→ **Excerpted data**:
# # # # # # #

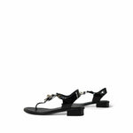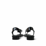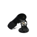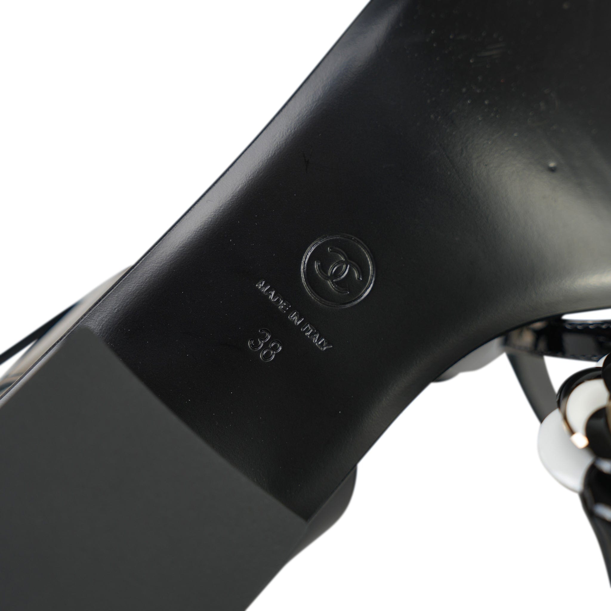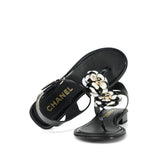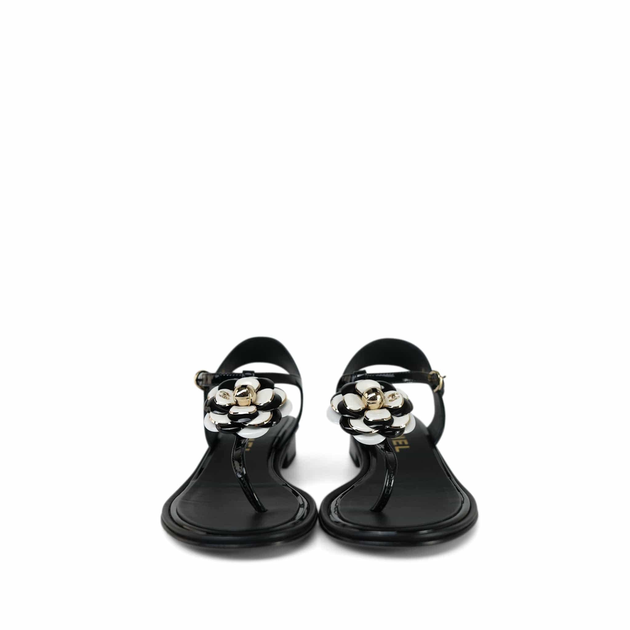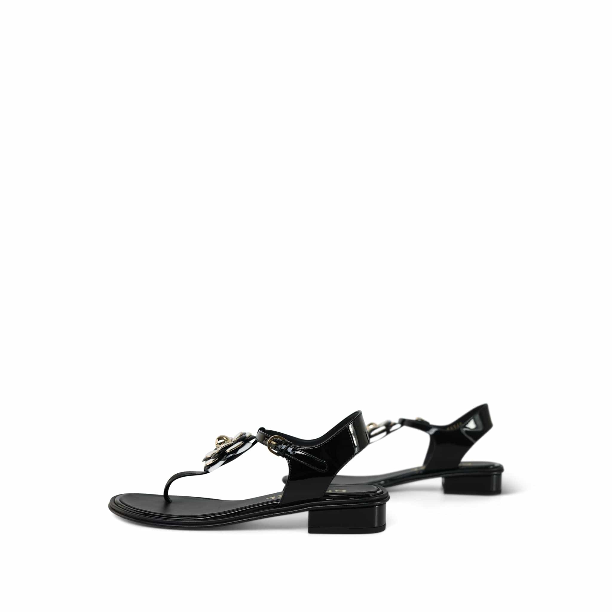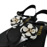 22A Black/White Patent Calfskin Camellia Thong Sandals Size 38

# # # # # # #

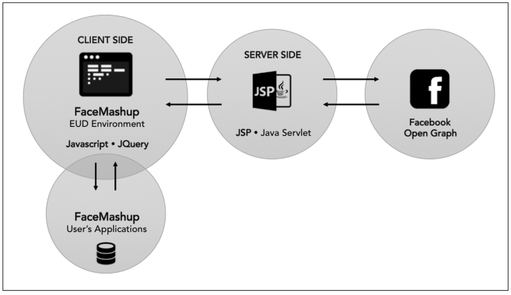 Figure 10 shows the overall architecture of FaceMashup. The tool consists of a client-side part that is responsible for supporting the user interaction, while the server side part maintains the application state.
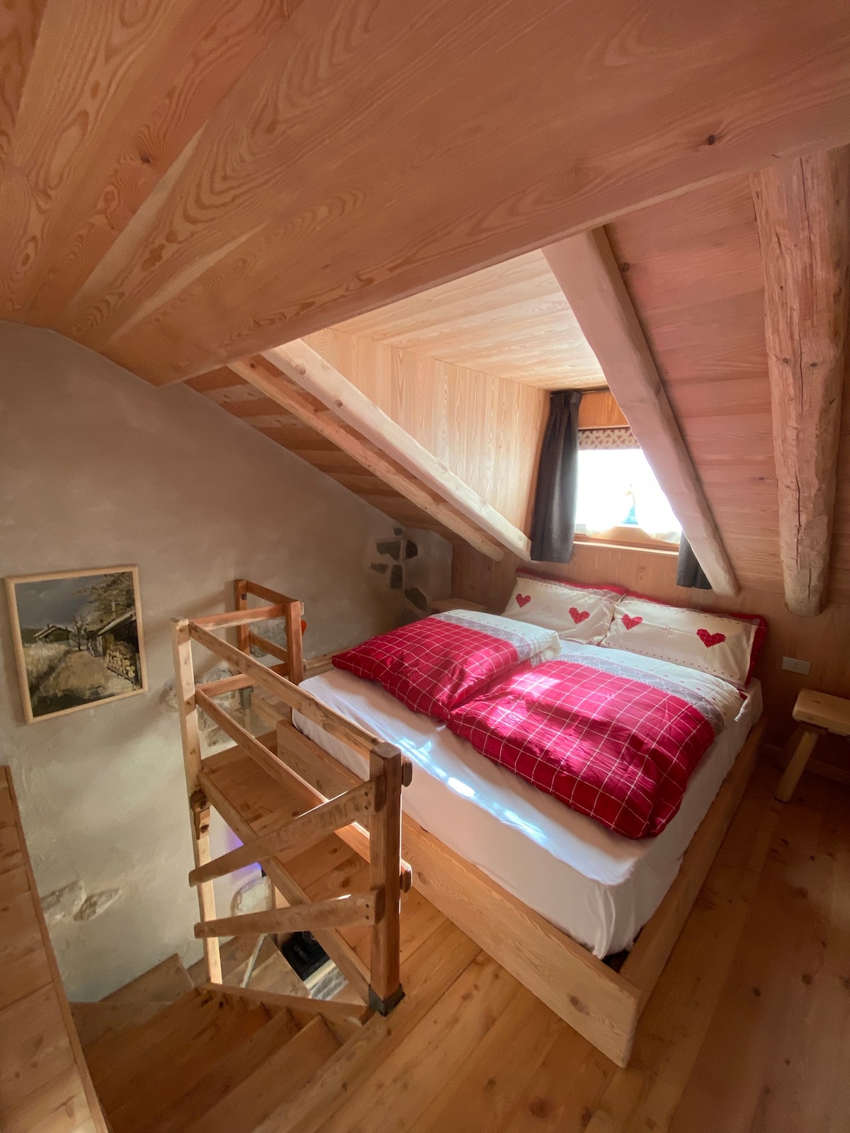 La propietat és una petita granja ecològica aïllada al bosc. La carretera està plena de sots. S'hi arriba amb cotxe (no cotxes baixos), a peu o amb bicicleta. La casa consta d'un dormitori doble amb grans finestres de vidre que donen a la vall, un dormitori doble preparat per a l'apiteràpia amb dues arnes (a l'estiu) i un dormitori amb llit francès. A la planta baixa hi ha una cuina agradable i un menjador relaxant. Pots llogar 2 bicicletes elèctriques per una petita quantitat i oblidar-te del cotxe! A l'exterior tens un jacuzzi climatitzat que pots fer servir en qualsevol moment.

# # # # # # #

→ **Task details**: In the listing above, find the line with "Figure 10 shows" and output it and every line after it up to and including the line with "La propietat és", exactly, minus the pictures.

→ **Task output**:
 Figure 10 shows the overall architecture of FaceMashup. The tool consists of a client-side part that is responsible for supporting the user interaction, while the server side part maintains the application state.
 La propietat és una petita granja ecològica aïllada al bosc. La carretera està plena de sots. S'hi arriba amb cotxe (no cotxes baixos), a peu o amb bicicleta. La casa consta d'un dormitori doble amb grans finestres de vidre que donen a la vall, un dormitori doble preparat per a l'apiteràpia amb dues arnes (a l'estiu) i un dormitori amb llit francès. A la planta baixa hi ha una cuina agradable i un menjador relaxant. Pots llogar 2 bicicletes elèctriques per una petita quantitat i oblidar-te del cotxe! A l'exterior tens un jacuzzi climatitzat que pots fer servir en qualsevol moment.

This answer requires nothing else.